GOAL OF THE EXERCISE
Everything from the line containing "<나는 스스로 하는 은아어린이입니다.>" through the line containing "Fastelavnsoptog i Tømmerup" in the listing below should be copied exactly, and nothing more.

START MATERIAL TO PROCESS

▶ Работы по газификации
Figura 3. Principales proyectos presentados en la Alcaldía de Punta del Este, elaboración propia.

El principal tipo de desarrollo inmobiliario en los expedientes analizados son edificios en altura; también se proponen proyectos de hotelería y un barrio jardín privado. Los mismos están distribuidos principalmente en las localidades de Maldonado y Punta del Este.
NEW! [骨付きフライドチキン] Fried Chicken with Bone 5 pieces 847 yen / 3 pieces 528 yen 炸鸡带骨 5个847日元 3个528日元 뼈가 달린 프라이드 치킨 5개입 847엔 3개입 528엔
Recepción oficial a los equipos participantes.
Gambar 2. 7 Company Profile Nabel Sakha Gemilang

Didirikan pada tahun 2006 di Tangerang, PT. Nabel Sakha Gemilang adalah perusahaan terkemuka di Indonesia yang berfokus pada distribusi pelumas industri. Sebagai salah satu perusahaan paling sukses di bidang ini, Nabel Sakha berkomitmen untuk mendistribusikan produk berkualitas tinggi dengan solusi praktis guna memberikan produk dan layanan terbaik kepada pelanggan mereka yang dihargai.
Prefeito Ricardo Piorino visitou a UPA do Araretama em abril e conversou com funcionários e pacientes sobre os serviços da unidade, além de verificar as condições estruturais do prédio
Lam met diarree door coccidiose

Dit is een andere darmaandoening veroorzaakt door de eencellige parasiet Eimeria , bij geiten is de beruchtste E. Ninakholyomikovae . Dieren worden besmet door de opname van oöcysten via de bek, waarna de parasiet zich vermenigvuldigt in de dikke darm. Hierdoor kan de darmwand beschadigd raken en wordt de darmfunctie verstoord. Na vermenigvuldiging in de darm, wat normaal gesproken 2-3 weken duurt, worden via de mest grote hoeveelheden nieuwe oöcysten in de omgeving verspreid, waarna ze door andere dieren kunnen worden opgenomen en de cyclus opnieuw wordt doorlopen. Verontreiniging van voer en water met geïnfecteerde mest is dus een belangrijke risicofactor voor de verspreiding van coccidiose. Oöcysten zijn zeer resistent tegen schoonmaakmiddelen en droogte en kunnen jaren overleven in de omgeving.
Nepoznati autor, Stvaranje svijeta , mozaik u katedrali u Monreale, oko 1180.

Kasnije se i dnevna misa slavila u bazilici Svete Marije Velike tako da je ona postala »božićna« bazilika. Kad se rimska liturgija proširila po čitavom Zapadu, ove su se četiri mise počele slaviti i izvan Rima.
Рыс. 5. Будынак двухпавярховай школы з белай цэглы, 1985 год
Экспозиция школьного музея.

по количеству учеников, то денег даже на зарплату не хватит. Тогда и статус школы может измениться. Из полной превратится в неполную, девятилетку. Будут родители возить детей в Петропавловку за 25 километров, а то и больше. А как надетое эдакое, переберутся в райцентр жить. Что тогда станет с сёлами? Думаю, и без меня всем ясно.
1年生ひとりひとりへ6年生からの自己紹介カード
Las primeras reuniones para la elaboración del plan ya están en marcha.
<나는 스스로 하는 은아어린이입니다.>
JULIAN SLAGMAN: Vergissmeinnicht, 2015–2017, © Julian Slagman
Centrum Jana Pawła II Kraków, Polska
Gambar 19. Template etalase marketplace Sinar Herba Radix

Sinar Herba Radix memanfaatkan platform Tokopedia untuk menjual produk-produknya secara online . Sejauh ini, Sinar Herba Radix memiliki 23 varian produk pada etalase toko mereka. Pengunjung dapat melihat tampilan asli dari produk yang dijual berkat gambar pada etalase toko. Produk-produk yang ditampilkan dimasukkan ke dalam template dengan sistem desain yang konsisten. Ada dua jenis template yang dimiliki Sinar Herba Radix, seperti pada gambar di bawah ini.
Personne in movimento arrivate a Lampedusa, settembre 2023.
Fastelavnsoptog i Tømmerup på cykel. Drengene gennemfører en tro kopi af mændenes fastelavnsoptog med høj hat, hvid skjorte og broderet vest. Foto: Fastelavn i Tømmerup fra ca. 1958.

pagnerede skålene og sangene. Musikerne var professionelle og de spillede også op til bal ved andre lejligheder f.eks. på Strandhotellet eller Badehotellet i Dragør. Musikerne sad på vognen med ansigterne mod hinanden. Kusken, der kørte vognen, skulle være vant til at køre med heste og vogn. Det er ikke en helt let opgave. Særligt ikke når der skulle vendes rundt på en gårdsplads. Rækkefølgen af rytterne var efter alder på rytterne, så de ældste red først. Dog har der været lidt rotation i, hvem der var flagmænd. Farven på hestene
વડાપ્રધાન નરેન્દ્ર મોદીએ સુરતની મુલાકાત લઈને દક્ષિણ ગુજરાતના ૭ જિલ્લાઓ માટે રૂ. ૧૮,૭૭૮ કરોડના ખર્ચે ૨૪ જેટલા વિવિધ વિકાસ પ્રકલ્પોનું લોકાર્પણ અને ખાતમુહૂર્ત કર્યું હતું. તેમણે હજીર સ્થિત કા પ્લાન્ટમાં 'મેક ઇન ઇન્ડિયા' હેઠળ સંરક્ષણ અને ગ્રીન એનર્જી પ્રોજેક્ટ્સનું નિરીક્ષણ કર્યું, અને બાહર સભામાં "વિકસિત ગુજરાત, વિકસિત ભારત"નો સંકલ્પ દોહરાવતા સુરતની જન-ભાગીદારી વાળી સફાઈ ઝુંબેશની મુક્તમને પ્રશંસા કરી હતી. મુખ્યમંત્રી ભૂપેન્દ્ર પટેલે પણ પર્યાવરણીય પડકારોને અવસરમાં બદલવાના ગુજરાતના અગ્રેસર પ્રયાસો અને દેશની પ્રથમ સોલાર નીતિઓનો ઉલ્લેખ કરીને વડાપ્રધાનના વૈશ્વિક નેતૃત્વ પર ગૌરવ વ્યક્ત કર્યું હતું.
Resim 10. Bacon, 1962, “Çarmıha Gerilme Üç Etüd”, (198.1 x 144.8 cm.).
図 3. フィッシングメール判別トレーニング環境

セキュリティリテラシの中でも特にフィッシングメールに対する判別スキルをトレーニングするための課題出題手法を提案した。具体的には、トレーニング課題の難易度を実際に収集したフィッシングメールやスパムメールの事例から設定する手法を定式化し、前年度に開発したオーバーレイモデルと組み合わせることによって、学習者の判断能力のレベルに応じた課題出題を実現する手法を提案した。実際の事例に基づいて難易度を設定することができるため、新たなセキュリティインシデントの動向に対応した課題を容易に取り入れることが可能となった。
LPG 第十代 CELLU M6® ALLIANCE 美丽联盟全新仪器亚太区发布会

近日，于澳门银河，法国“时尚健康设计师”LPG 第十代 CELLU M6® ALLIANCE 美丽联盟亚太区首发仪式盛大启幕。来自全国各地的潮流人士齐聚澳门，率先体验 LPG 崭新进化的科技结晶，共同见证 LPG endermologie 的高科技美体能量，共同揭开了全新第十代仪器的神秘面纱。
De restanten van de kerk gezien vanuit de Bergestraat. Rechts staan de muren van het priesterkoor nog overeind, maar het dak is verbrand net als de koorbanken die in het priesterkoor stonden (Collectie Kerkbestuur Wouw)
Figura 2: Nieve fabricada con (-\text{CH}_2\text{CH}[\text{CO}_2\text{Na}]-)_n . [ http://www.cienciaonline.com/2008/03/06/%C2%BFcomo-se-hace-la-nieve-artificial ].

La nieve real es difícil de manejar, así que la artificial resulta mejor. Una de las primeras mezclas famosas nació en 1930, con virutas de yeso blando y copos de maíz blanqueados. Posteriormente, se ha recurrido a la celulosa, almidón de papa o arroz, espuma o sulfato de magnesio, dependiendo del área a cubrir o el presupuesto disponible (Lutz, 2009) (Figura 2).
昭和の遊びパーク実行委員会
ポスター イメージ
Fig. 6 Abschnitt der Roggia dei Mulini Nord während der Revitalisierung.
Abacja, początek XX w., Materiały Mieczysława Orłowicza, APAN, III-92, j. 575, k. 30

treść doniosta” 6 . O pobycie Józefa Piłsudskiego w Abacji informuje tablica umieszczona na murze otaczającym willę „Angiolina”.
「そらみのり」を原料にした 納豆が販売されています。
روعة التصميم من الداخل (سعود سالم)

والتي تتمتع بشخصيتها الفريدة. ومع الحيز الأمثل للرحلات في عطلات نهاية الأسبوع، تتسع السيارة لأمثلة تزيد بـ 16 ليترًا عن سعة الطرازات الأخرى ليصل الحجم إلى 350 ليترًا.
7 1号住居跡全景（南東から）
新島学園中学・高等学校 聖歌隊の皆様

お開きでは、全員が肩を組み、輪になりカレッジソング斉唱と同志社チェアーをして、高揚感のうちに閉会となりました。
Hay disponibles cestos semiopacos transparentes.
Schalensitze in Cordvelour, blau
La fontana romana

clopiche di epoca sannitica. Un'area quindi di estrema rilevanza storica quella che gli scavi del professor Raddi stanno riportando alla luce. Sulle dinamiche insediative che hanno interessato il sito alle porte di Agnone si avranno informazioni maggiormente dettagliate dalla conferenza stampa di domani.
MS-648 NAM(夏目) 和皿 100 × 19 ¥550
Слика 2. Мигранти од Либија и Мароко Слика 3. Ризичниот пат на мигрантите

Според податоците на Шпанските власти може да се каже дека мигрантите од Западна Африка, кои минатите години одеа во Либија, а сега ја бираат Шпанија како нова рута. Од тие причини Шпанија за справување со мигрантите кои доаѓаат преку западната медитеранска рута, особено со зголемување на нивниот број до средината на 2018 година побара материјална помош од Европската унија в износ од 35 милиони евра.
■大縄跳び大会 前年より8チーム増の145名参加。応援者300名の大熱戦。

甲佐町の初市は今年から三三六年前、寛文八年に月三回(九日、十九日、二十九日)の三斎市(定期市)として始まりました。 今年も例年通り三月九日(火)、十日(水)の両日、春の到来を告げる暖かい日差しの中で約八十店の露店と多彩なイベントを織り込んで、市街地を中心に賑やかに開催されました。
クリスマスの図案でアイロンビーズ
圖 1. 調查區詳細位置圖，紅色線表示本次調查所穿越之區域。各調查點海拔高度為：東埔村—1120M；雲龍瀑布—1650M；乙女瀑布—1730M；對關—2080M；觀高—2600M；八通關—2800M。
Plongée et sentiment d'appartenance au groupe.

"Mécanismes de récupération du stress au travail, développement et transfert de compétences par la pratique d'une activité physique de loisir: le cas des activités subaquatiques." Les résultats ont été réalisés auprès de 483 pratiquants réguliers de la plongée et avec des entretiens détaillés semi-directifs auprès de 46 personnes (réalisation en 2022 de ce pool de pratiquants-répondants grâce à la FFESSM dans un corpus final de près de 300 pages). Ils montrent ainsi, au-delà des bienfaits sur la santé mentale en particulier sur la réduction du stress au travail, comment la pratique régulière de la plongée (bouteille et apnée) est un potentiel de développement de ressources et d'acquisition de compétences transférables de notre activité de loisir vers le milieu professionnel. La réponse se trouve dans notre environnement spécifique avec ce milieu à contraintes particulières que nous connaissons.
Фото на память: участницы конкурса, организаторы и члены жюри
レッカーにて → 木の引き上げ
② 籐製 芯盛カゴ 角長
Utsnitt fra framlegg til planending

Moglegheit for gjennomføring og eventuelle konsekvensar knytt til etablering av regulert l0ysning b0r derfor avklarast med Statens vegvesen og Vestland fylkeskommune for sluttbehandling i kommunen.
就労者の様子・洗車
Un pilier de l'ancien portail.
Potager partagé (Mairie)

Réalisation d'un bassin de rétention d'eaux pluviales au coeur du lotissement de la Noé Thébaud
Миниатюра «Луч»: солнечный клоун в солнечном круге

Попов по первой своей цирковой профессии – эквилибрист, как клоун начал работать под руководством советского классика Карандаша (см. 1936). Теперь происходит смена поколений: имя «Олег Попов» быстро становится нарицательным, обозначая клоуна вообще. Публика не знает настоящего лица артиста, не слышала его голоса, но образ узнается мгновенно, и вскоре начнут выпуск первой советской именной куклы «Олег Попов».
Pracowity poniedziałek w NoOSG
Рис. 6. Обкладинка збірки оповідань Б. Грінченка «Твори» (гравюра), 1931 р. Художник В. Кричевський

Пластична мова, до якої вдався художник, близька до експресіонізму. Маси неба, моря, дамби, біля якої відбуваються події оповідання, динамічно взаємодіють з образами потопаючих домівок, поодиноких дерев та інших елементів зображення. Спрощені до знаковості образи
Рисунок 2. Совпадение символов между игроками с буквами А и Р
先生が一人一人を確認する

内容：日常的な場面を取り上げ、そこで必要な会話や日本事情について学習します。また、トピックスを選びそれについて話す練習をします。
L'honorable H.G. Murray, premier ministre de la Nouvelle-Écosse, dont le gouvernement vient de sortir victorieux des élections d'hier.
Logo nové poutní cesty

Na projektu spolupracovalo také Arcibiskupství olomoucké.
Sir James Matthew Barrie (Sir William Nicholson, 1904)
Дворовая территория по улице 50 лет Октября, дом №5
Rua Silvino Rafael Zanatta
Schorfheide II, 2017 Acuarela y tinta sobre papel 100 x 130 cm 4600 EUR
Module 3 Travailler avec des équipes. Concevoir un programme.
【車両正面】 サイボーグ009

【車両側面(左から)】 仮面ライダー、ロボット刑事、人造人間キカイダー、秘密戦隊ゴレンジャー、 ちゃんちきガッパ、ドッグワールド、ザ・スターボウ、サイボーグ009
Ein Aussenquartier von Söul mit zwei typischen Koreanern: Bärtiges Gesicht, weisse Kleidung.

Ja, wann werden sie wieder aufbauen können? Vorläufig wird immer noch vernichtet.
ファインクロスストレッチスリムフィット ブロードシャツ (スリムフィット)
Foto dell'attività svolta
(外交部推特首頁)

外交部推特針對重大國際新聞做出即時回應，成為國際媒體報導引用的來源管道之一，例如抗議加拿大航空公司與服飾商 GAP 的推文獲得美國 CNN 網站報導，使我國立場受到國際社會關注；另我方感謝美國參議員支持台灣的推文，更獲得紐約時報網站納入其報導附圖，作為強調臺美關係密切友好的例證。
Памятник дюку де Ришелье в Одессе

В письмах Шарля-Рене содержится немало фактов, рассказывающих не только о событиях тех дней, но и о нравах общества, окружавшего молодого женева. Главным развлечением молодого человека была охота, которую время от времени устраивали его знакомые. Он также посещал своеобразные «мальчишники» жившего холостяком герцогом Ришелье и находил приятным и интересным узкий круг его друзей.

END MATERIAL TO PROCESS

EXERCISE ANSWER
<나는 스스로 하는 은아어린이입니다.>
JULIAN SLAGMAN: Vergissmeinnicht, 2015–2017, © Julian Slagman
Centrum Jana Pawła II Kraków, Polska
Gambar 19. Template etalase marketplace Sinar Herba Radix

Sinar Herba Radix memanfaatkan platform Tokopedia untuk menjual produk-produknya secara online . Sejauh ini, Sinar Herba Radix memiliki 23 varian produk pada etalase toko mereka. Pengunjung dapat melihat tampilan asli dari produk yang dijual berkat gambar pada etalase toko. Produk-produk yang ditampilkan dimasukkan ke dalam template dengan sistem desain yang konsisten. Ada dua jenis template yang dimiliki Sinar Herba Radix, seperti pada gambar di bawah ini.
Personne in movimento arrivate a Lampedusa, settembre 2023.
Fastelavnsoptog i Tømmerup på cykel. Drengene gennemfører en tro kopi af mændenes fastelavnsoptog med høj hat, hvid skjorte og broderet vest. Foto: Fastelavn i Tømmerup fra ca. 1958.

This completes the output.